**What the task requires**
Repeat verbatim, and only, the lines of the data below, beginning at the line that contains "Aniołek o wysokości" and stopping after the line that contains "Cuenta con reja".

**Data records**
********

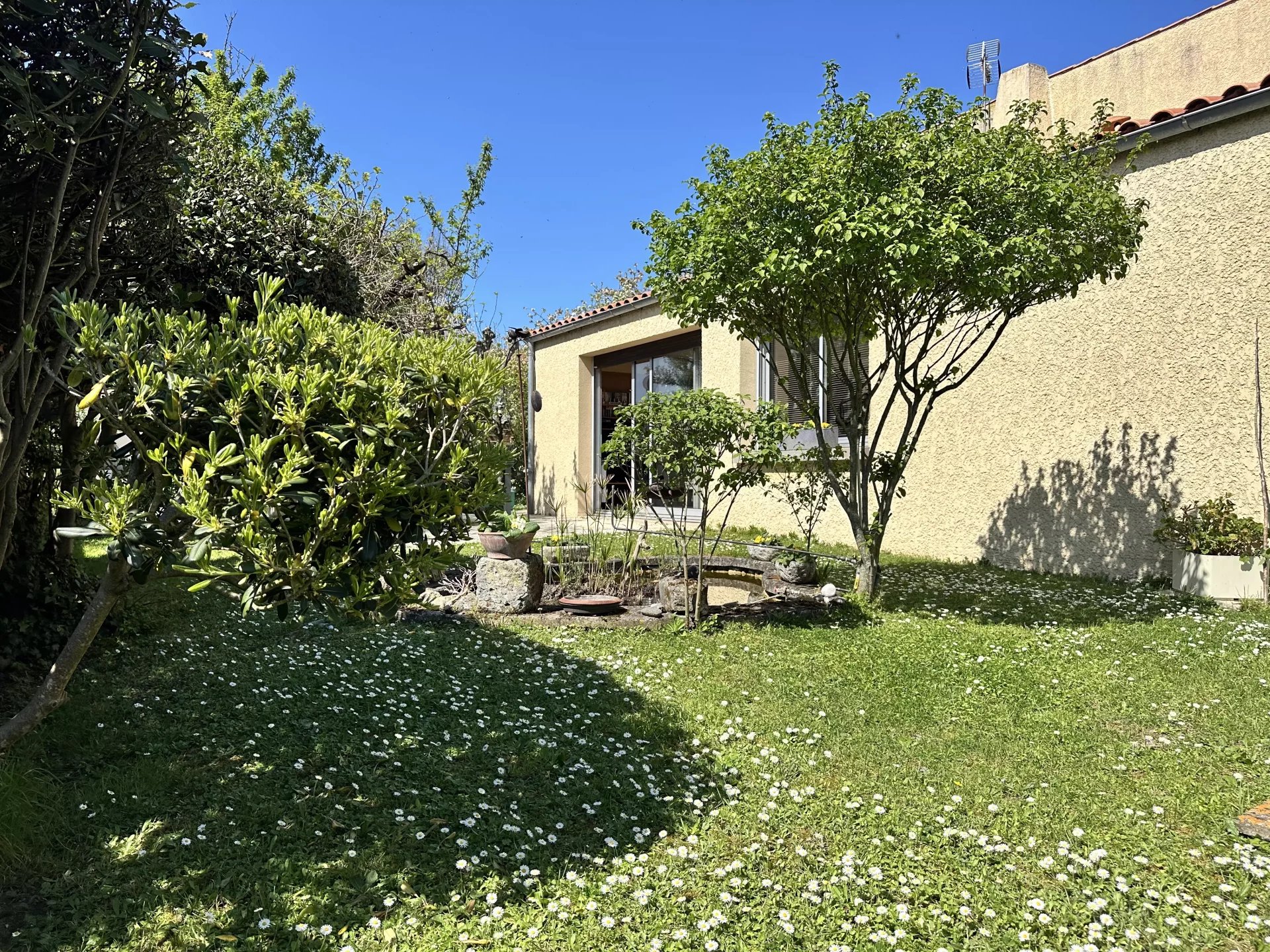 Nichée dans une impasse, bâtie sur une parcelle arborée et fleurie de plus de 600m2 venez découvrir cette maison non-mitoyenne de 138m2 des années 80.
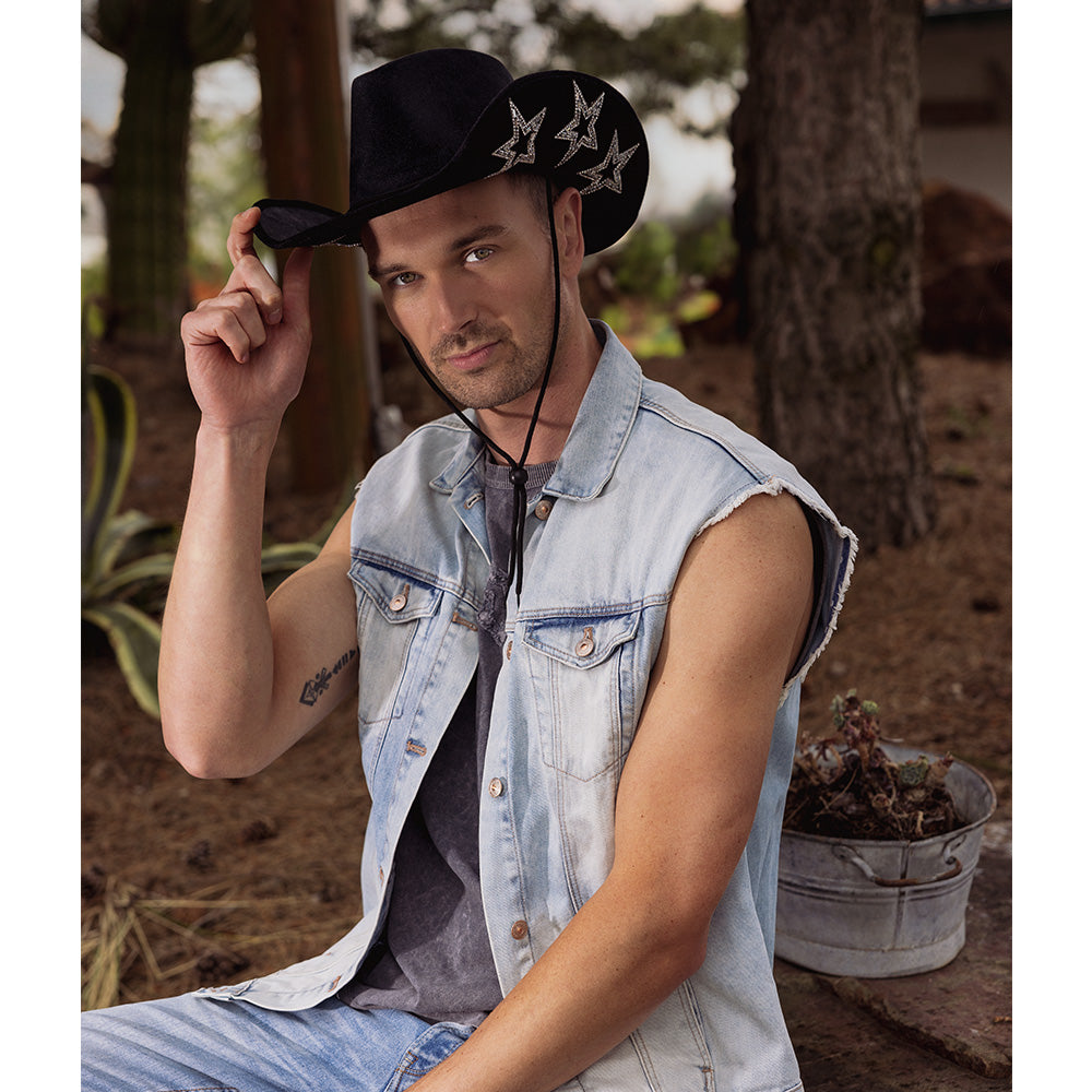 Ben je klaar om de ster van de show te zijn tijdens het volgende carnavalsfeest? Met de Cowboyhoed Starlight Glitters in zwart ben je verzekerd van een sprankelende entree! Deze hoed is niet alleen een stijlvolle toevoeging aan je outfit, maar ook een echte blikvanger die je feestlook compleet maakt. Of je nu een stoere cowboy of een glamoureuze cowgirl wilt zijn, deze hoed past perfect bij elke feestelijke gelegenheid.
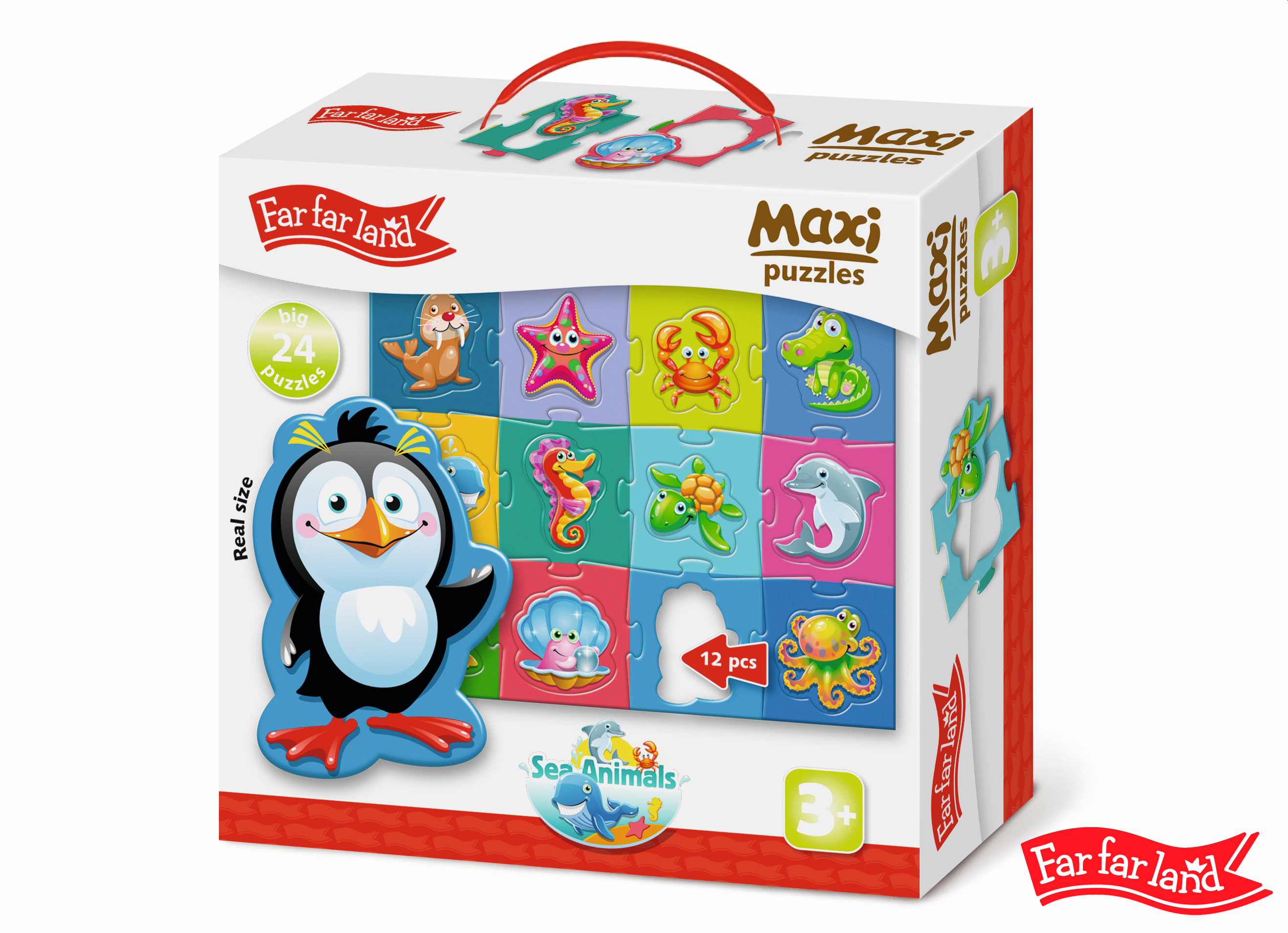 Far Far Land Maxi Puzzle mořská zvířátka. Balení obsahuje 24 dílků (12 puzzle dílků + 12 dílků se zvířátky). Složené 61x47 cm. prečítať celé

********

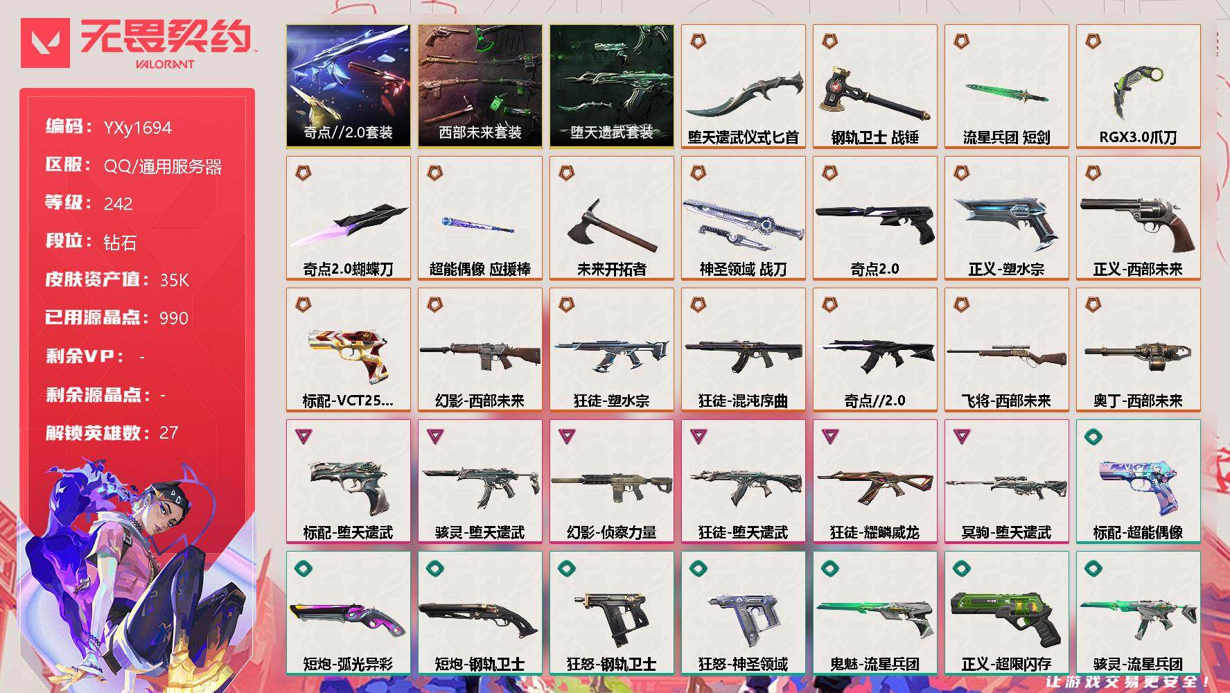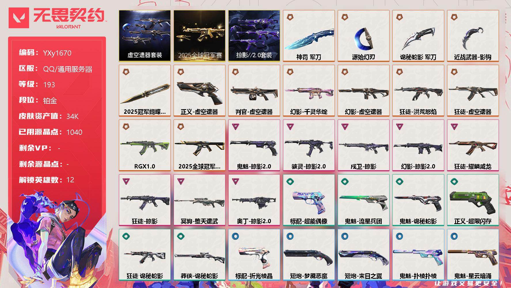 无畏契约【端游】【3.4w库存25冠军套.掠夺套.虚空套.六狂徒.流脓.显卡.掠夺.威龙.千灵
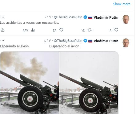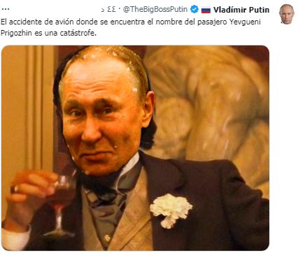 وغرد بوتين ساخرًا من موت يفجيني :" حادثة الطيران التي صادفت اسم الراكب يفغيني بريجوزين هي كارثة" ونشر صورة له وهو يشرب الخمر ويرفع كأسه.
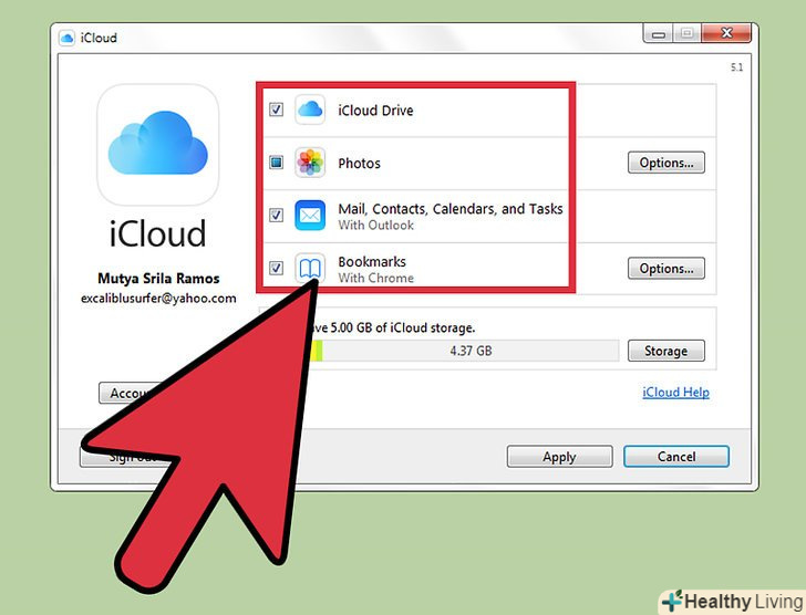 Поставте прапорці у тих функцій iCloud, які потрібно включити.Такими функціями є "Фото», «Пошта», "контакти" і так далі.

********

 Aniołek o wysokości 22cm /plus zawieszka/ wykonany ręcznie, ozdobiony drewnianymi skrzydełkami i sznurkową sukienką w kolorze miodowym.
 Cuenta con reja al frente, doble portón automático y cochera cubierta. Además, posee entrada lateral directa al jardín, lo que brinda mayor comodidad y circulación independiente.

********

**Exercise answer**
 Aniołek o wysokości 22cm /plus zawieszka/ wykonany ręcznie, ozdobiony drewnianymi skrzydełkami i sznurkową sukienką w kolorze miodowym.
 Cuenta con reja al frente, doble portón automático y cochera cubierta. Además, posee entrada lateral directa al jardín, lo que brinda mayor comodidad y circulación independiente.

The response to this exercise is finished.